BEGIN
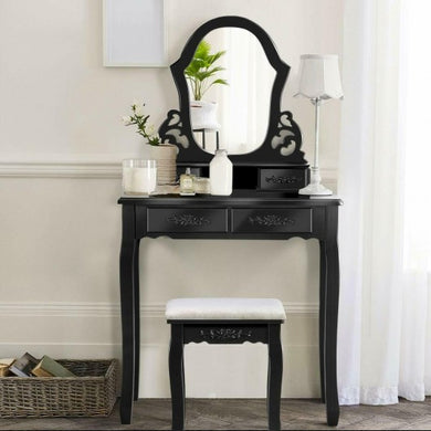 Vanity Makeup Dressing Table with a Mirror and 4 Drawers-Black
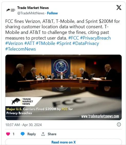 不过电信业者反驳有关指控,并明言打算对罚款提出上诉。营运商先前曾表示,共享数据被用于关键服务,包括路边援助和紧急应变等。AT&T发言人表示,FCC的命令缺乏法律和事实依据。T-Mobile发言人也表示,已于5年多前终止透过第三方定位服务分享有关数据,质疑罚款“过高”。
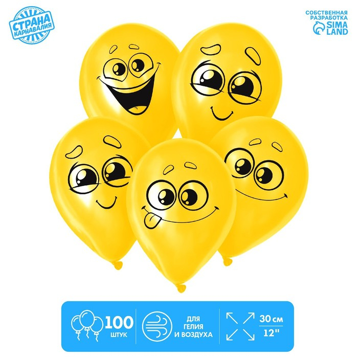 Воздушный шар латексный 12" «Улыбки мордочки», 100 шт., МИКС
END
Where a picture appears in the material above, skip it, and print the rest exactly.

● **Task result**
 Vanity Makeup Dressing Table with a Mirror and 4 Drawers-Black
 不过电信业者反驳有关指控,并明言打算对罚款提出上诉。营运商先前曾表示,共享数据被用于关键服务,包括路边援助和紧急应变等。AT&T发言人表示,FCC的命令缺乏法律和事实依据。T-Mobile发言人也表示,已于5年多前终止透过第三方定位服务分享有关数据,质疑罚款“过高”。
 Воздушный шар латексный 12" «Улыбки мордочки», 100 шт., МИКС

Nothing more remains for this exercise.